━━━ EXCERPTED DATA ━━━

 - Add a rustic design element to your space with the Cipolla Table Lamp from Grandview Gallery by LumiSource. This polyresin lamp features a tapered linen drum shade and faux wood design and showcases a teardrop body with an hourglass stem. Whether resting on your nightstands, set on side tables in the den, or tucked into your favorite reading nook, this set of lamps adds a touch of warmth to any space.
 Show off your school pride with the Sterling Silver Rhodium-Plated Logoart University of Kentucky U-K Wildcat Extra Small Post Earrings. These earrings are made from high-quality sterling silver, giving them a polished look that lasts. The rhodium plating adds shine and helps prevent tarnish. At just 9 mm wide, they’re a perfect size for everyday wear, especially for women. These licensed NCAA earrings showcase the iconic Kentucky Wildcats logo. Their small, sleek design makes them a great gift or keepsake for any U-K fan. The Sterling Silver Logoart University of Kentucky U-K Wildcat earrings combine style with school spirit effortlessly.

━━━
━━━ EXCERPTED DATA ━━━

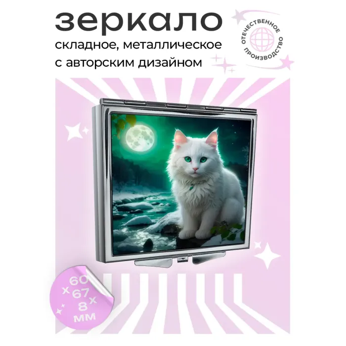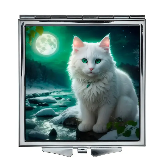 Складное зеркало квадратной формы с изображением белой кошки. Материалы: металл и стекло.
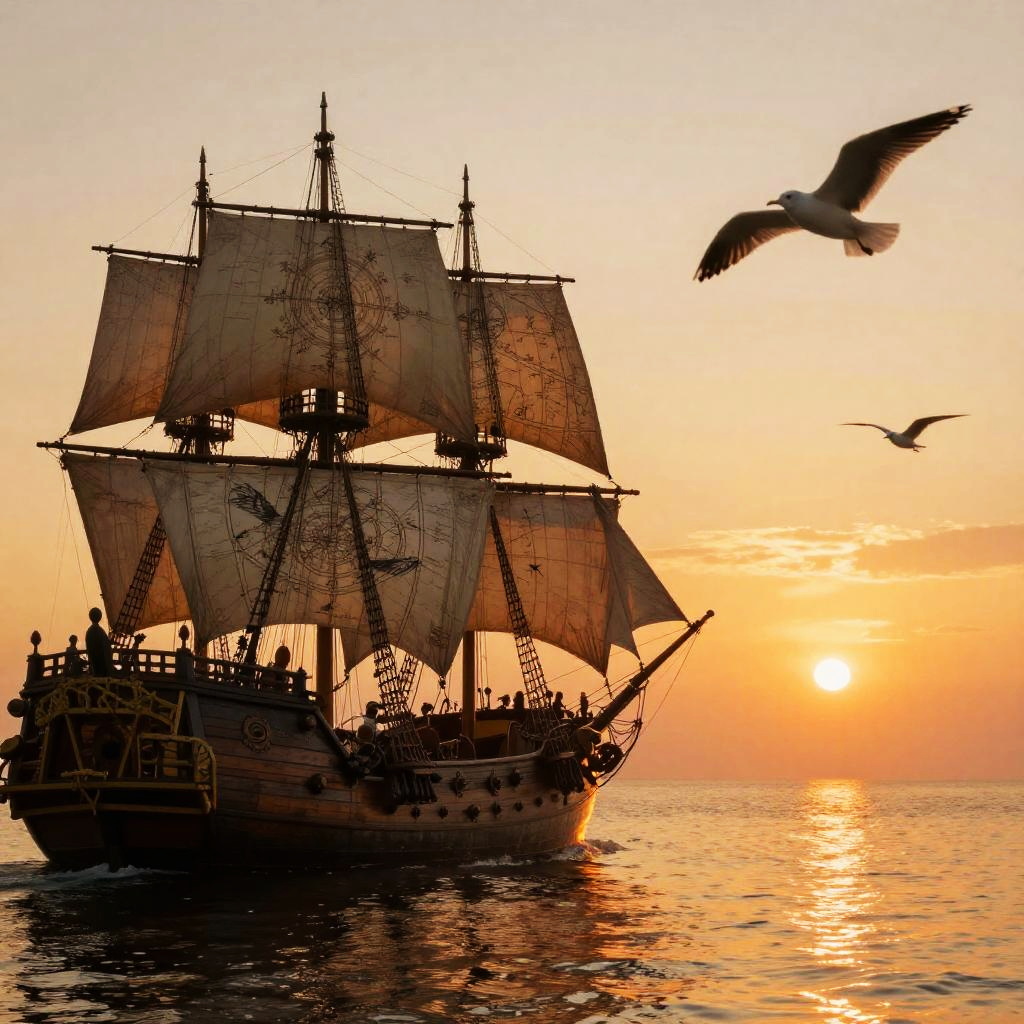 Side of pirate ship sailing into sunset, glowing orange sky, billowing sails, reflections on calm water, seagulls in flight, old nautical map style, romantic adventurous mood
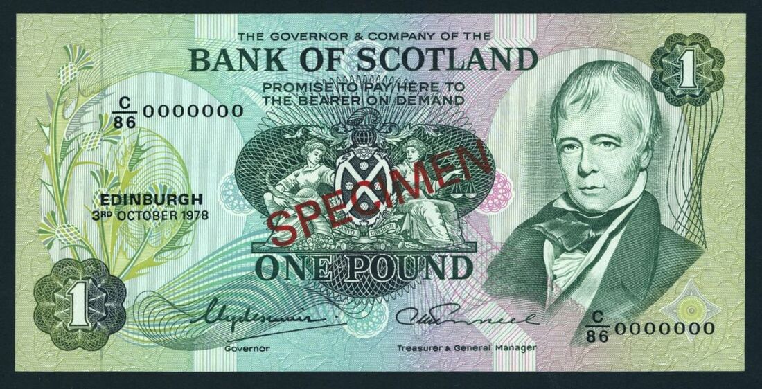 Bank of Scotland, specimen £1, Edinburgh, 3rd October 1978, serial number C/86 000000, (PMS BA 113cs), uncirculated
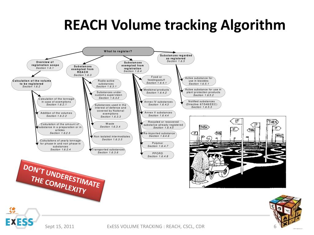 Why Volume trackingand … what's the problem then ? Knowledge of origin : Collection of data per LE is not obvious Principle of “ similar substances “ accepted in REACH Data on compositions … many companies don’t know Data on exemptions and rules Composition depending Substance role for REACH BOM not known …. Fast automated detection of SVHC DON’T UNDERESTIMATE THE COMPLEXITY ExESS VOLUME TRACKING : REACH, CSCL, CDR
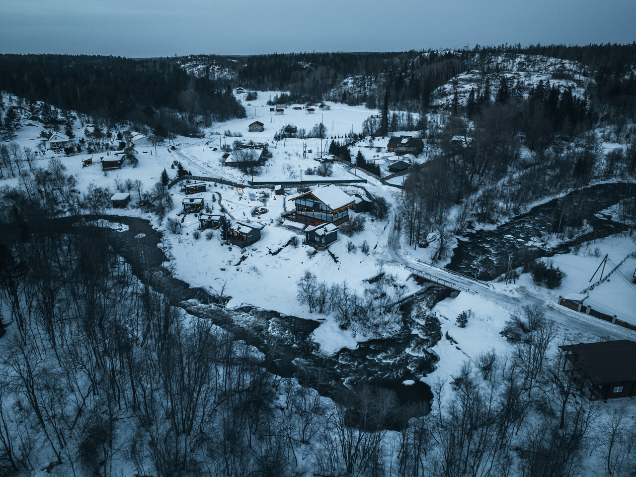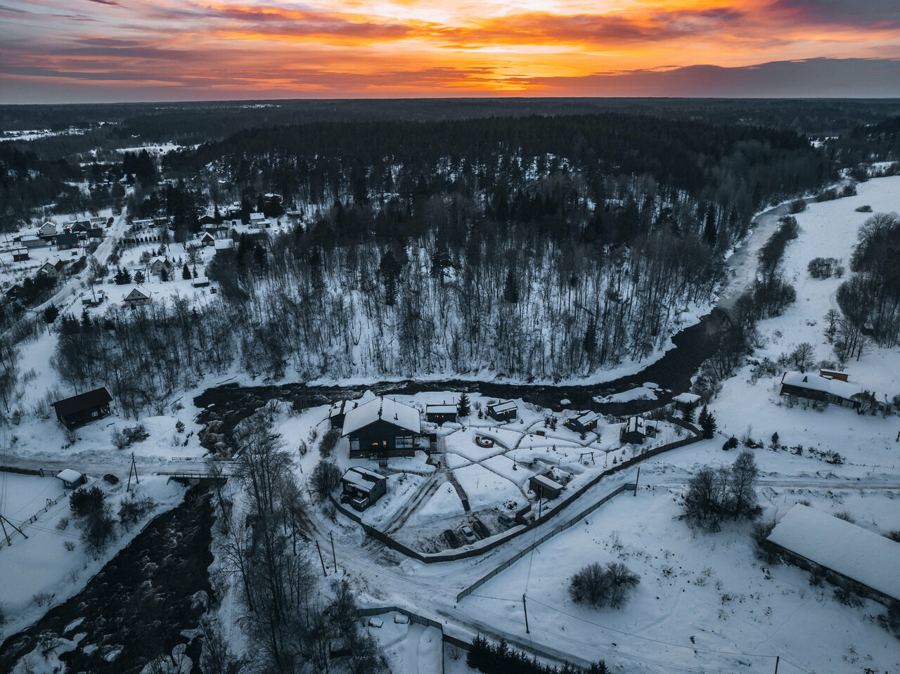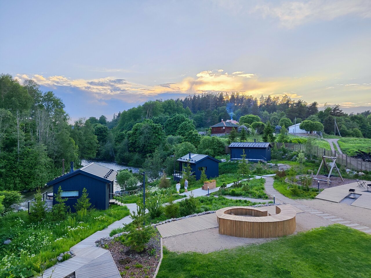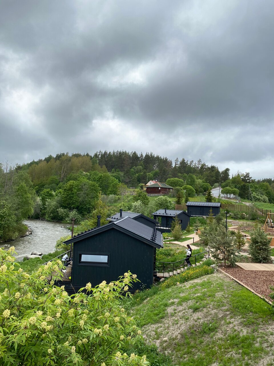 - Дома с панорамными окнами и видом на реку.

━━━
━━━ EXCERPTED DATA ━━━

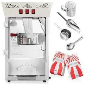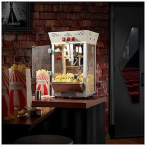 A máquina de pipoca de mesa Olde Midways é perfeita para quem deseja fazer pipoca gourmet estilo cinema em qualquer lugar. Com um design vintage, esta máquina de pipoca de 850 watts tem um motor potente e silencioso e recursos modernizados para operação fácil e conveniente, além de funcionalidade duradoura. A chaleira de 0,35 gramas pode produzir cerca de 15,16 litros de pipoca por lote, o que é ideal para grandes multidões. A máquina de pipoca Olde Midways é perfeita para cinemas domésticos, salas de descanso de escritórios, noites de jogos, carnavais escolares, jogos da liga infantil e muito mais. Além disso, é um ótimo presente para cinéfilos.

━━━

REQUIRED ACTION
A single number is needed: how many lines of the material contain the word "adds".

WRITTEN RESPONSE
2